WHAT THE EXERCISE ASKS: When the line with "Allineamento dei pianeti" turns up below, begin repeating exactly, and carry on through the line with "车质网注意到,其实召回实施半"; no pictures go into the copy.

DATA EXTRACTS:
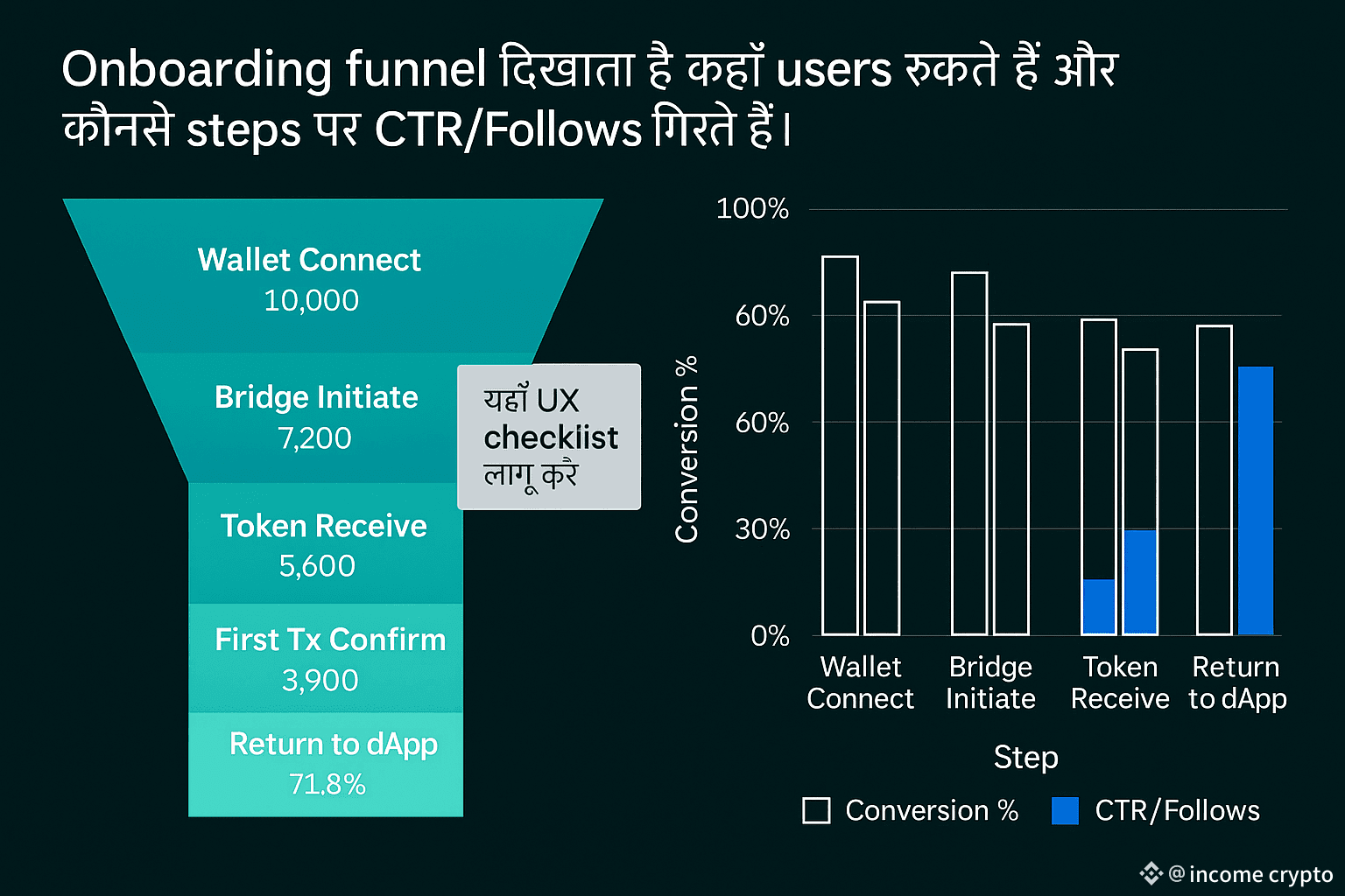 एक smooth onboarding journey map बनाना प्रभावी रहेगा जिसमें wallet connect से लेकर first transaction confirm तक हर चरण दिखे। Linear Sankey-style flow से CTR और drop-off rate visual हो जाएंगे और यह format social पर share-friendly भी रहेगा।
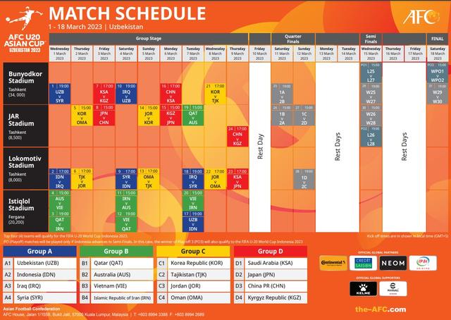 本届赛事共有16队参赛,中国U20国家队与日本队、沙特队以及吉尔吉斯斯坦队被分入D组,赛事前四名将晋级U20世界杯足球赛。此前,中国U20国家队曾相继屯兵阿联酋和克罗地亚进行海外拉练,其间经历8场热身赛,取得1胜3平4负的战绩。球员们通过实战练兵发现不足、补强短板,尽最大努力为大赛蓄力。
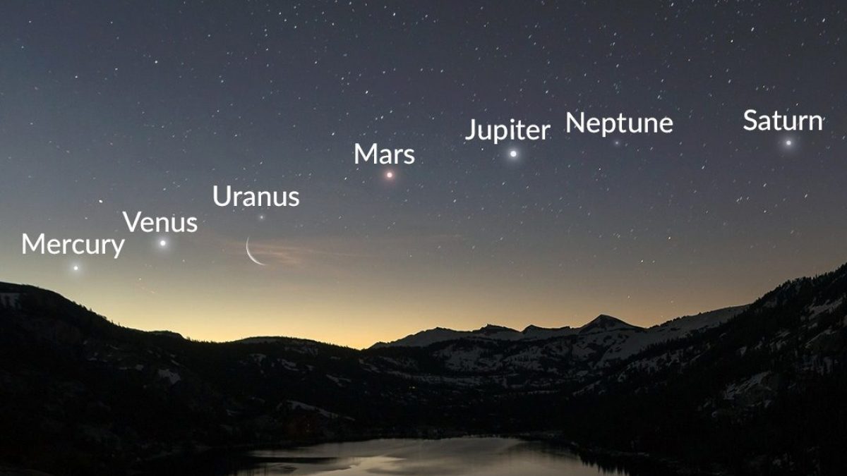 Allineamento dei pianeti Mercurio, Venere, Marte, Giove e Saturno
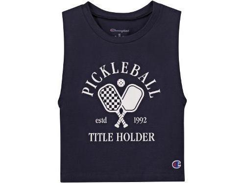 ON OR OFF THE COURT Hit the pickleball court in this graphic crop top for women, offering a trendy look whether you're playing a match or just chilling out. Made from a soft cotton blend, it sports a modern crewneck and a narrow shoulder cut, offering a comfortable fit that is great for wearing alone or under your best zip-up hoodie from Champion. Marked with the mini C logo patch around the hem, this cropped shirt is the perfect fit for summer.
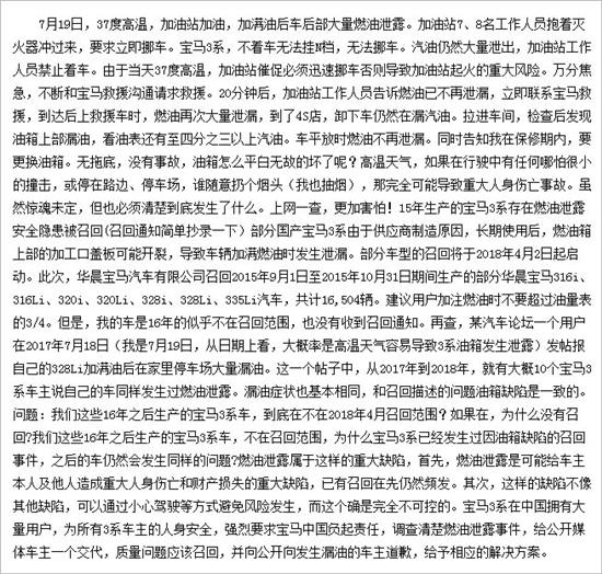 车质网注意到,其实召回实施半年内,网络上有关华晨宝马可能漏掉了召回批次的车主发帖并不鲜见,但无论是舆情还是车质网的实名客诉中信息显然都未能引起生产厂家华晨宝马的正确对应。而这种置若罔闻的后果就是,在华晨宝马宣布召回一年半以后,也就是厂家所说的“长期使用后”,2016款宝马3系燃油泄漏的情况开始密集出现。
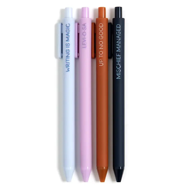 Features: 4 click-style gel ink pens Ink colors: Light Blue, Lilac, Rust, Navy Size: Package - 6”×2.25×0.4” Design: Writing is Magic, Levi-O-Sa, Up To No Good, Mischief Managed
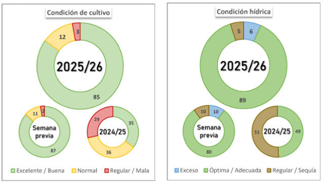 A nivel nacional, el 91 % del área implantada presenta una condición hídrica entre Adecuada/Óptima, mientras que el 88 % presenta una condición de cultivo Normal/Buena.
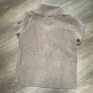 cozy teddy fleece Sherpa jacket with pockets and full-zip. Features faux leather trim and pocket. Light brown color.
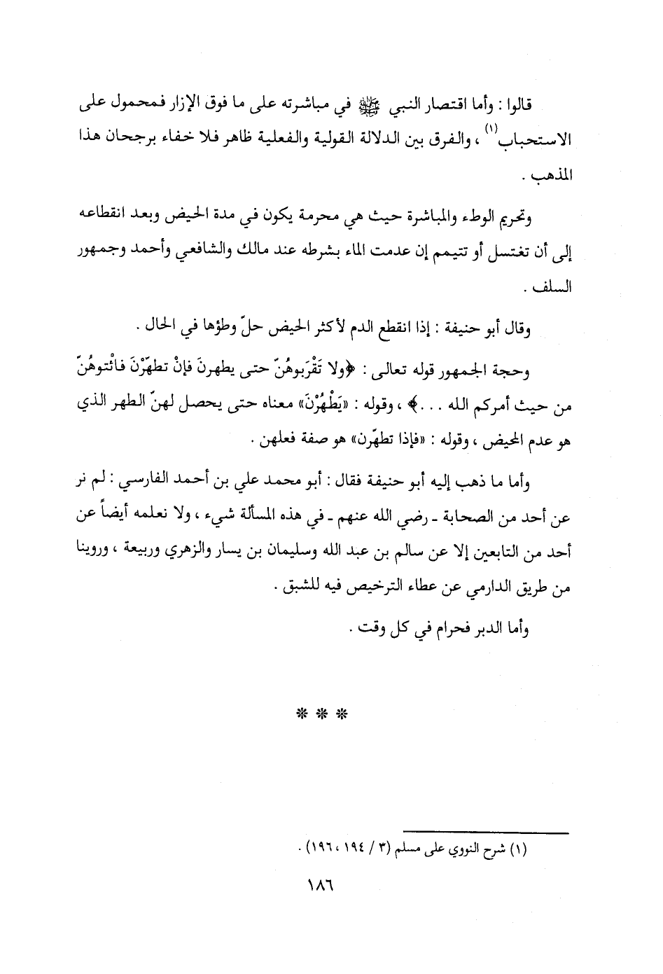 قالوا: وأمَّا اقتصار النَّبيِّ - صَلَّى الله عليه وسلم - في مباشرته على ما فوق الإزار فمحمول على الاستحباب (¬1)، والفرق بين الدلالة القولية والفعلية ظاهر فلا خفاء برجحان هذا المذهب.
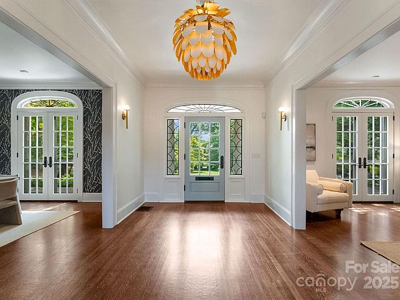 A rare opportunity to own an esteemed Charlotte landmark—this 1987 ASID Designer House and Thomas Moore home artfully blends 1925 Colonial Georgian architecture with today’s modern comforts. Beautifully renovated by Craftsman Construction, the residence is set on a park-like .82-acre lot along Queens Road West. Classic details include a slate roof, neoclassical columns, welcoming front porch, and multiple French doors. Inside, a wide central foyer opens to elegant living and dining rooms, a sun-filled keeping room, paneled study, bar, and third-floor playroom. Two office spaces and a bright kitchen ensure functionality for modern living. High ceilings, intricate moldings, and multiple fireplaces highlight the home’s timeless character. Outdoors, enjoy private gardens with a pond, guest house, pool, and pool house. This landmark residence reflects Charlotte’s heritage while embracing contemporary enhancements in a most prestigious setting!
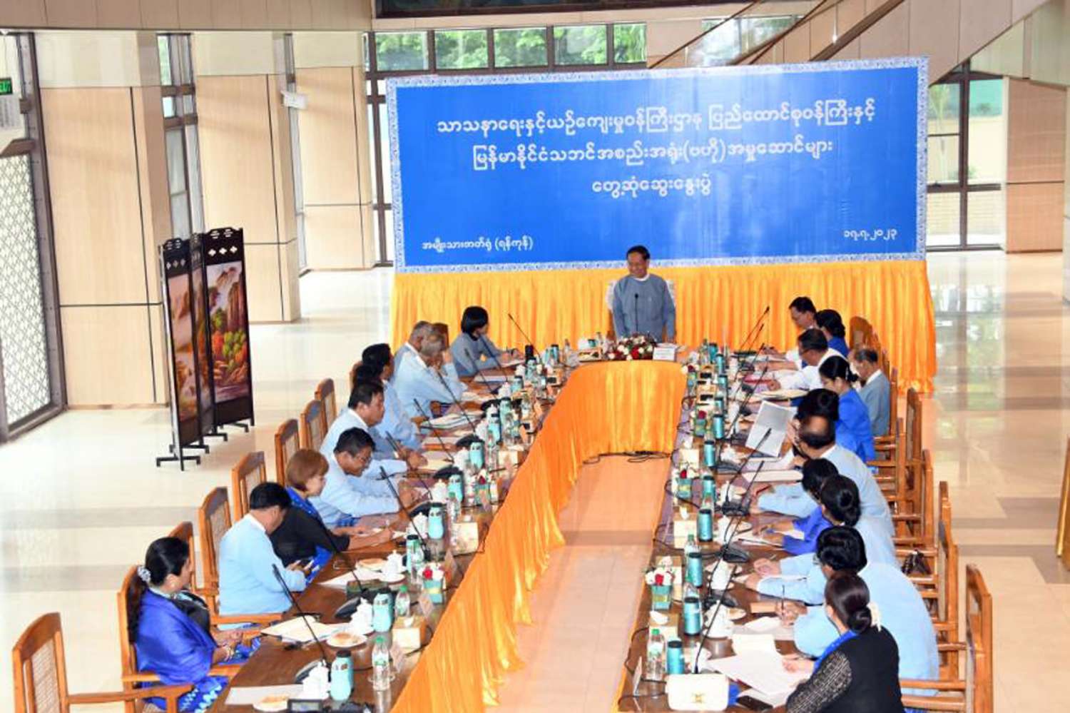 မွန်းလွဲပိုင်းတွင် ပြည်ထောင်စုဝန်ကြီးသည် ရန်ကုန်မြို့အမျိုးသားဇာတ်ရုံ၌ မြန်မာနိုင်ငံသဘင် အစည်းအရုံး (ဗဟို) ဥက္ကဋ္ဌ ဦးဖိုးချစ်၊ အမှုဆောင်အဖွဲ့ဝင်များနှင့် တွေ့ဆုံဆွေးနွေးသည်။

PROBLEM SOLUTION:
 Allineamento dei pianeti Mercurio, Venere, Marte, Giove e Saturno
 ON OR OFF THE COURT Hit the pickleball court in this graphic crop top for women, offering a trendy look whether you're playing a match or just chilling out. Made from a soft cotton blend, it sports a modern crewneck and a narrow shoulder cut, offering a comfortable fit that is great for wearing alone or under your best zip-up hoodie from Champion. Marked with the mini C logo patch around the hem, this cropped shirt is the perfect fit for summer.
 车质网注意到,其实召回实施半年内,网络上有关华晨宝马可能漏掉了召回批次的车主发帖并不鲜见,但无论是舆情还是车质网的实名客诉中信息显然都未能引起生产厂家华晨宝马的正确对应。而这种置若罔闻的后果就是,在华晨宝马宣布召回一年半以后,也就是厂家所说的“长期使用后”,2016款宝马3系燃油泄漏的情况开始密集出现。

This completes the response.